◆ WORK TO BE COMPLETED: From the line that contains "HUSĂ! - Carcasă" down to the last line of the entries, repeat every line exactly. Do not carry over the pictures.
── RECORDS FOR THE EXERCISE
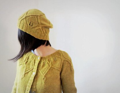 A Slouch Style Hat with leaf motifs and intertwined cables.
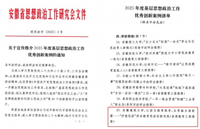 我校案例入选2025年安徽省基层思想政治工作优秀创新案例
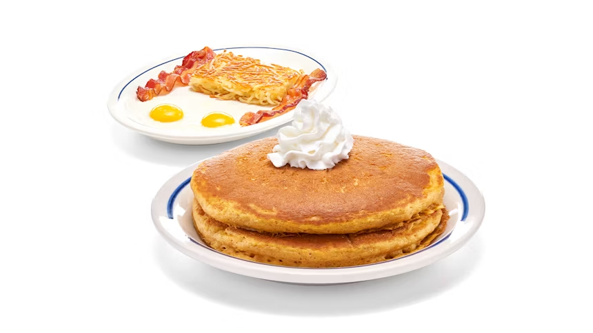 IHOP has successfully turned a basic breakfast food into the most unique set of menu items, one of which includes its pumpkin spice pancake combo. This order has two large and fluffy pumpkin spice pancakes topped with fresh whipped cream, two pieces of bacon, two sausage links, two eggs, and two hashbrowns. Additionally, you can add more pumpkin flavor with the pumpkin spice cold foam cold brew.
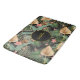 Moderne tropische Palmenpalmen Blätter und Hibiskus Blume grün und bräunlich auf schwarzen Badematte mit einer stilvollen Skriptsignatur. Ein stilvolles tropisches Thema mit einem Flüstern aus goldenem Glitzer, das im Design bespritzen ist. Grün, braun, ocker und korallenrosa auf schwarz. Der exotische erdhawaiische Stil.
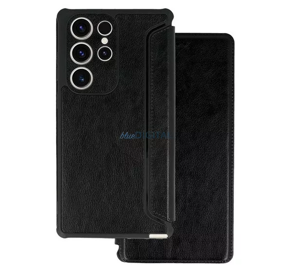 HUSĂ! - Carcasă permanentă, efect piele (FLIP, deschidere laterală, rezistență la șocuri, colț hover, protecție cameră foto) BLACK Samsung Galaxy S24 FE (SM-S721)
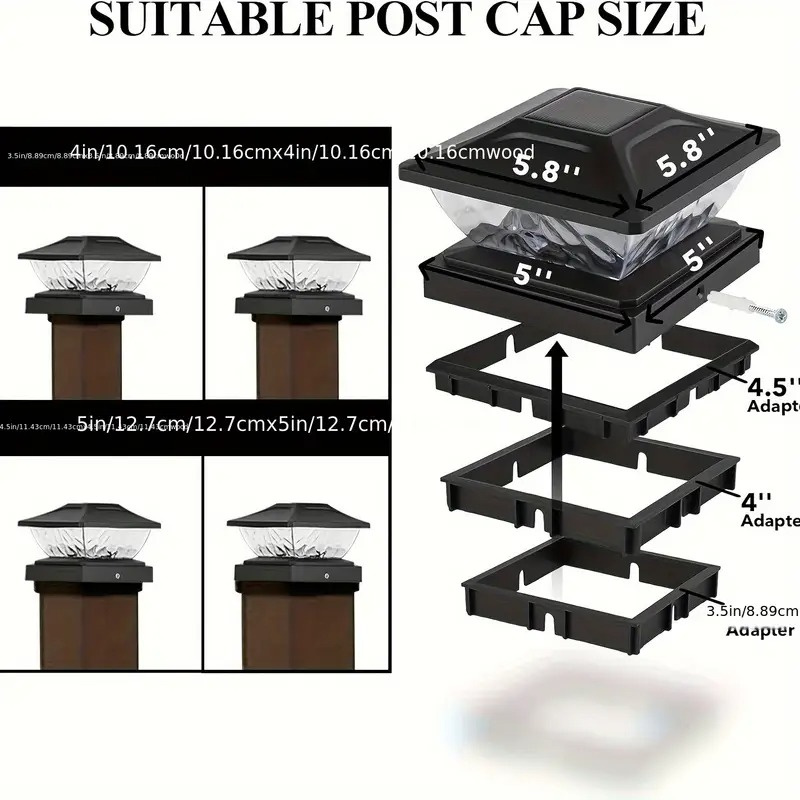 These solar cap lights are compatible with multiple wooden post sizes (3.5x3.5", 4x4", 4.5x4.5", and 5x5"), making them a flexible lighting solution for your fence posts, porch rails, or stairways. The lights are fully solar-powered, equipped with efficient panels that recharge during the day and automatically illuminate at dusk—no wires or electricity needed.
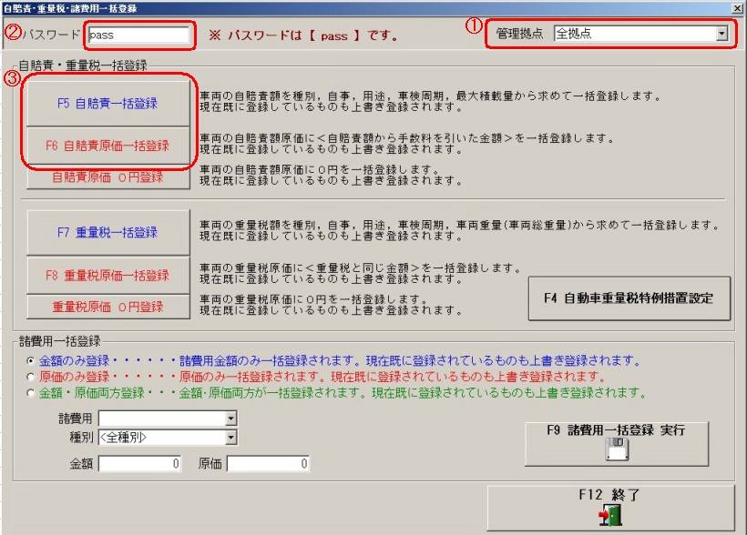 *粗利益計算をされている方は【F6自賠責原価一括登録】も合わせて実行してください。 |
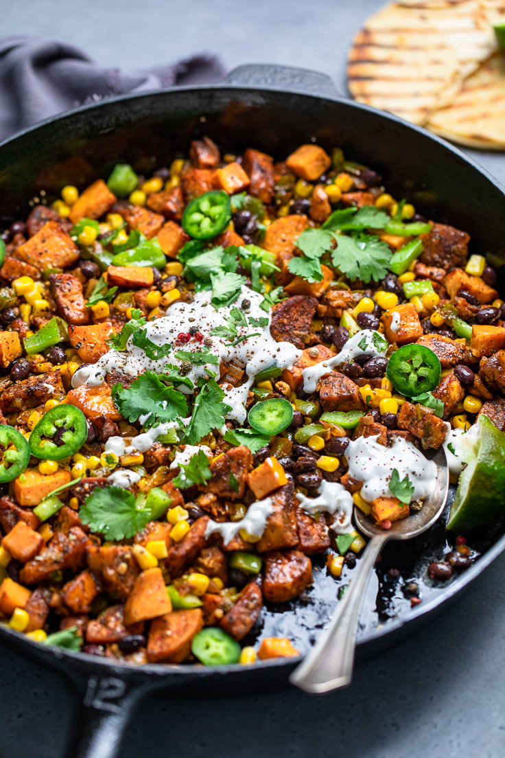 Easy and filling vegan Mexican Sweet Potato Breakfast Hash is great for breakfast or brunch! All made in one skillet.
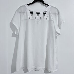 Lane Bryant White Cut Out Short Sleeve Top Size 18/ 20 Geometric Lightweight
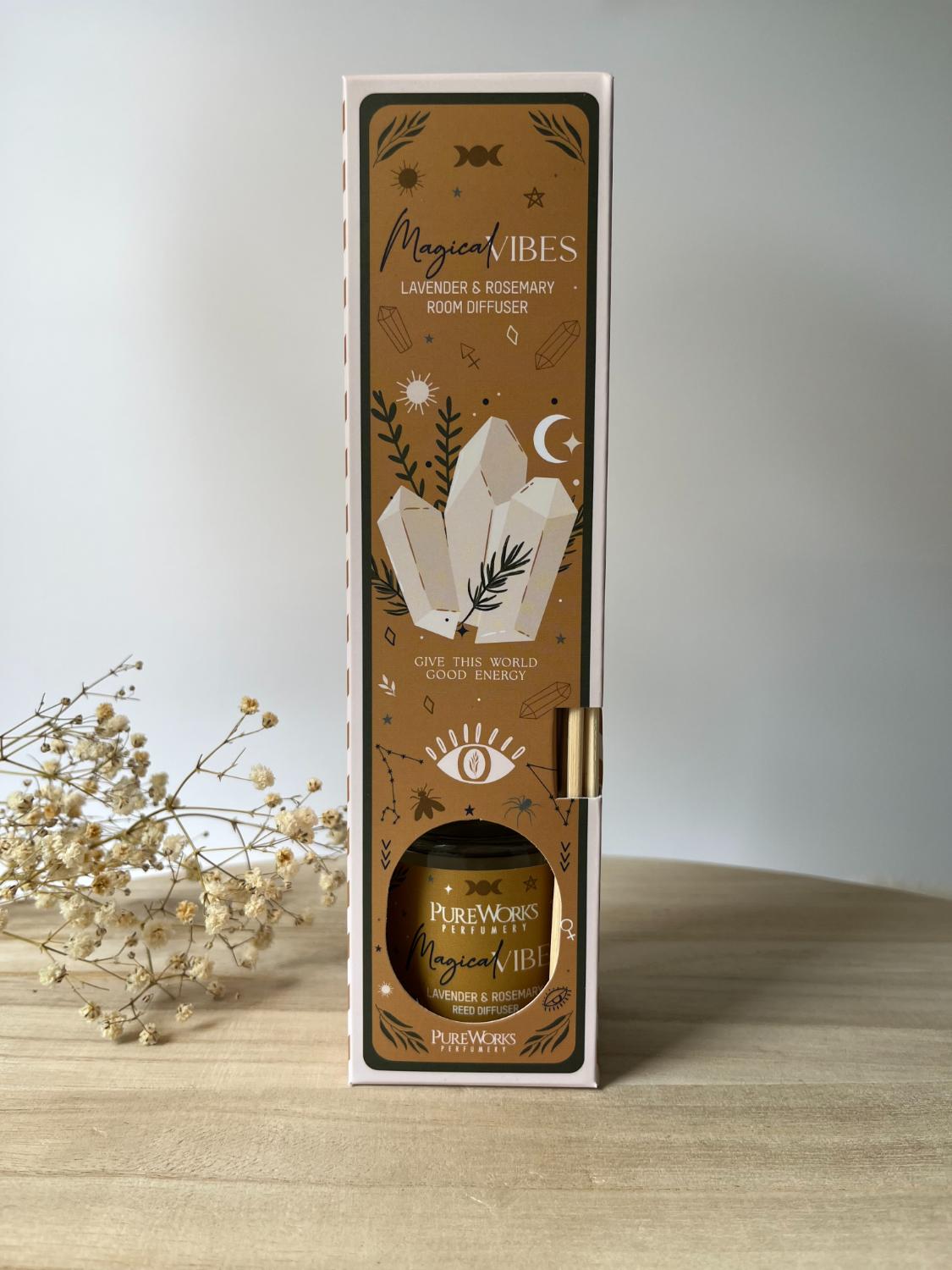 Diffuser met stokjes en natuurlijke geurige oliën.
────
◆ TASK RESPONSE:
 HUSĂ! - Carcasă permanentă, efect piele (FLIP, deschidere laterală, rezistență la șocuri, colț hover, protecție cameră foto) BLACK Samsung Galaxy S24 FE (SM-S721)
 These solar cap lights are compatible with multiple wooden post sizes (3.5x3.5", 4x4", 4.5x4.5", and 5x5"), making them a flexible lighting solution for your fence posts, porch rails, or stairways. The lights are fully solar-powered, equipped with efficient panels that recharge during the day and automatically illuminate at dusk—no wires or electricity needed.
 *粗利益計算をされている方は【F6自賠責原価一括登録】も合わせて実行してください。 |
 Easy and filling vegan Mexican Sweet Potato Breakfast Hash is great for breakfast or brunch! All made in one skillet.
 Lane Bryant White Cut Out Short Sleeve Top Size 18/ 20 Geometric Lightweight
 Diffuser met stokjes en natuurlijke geurige oliën.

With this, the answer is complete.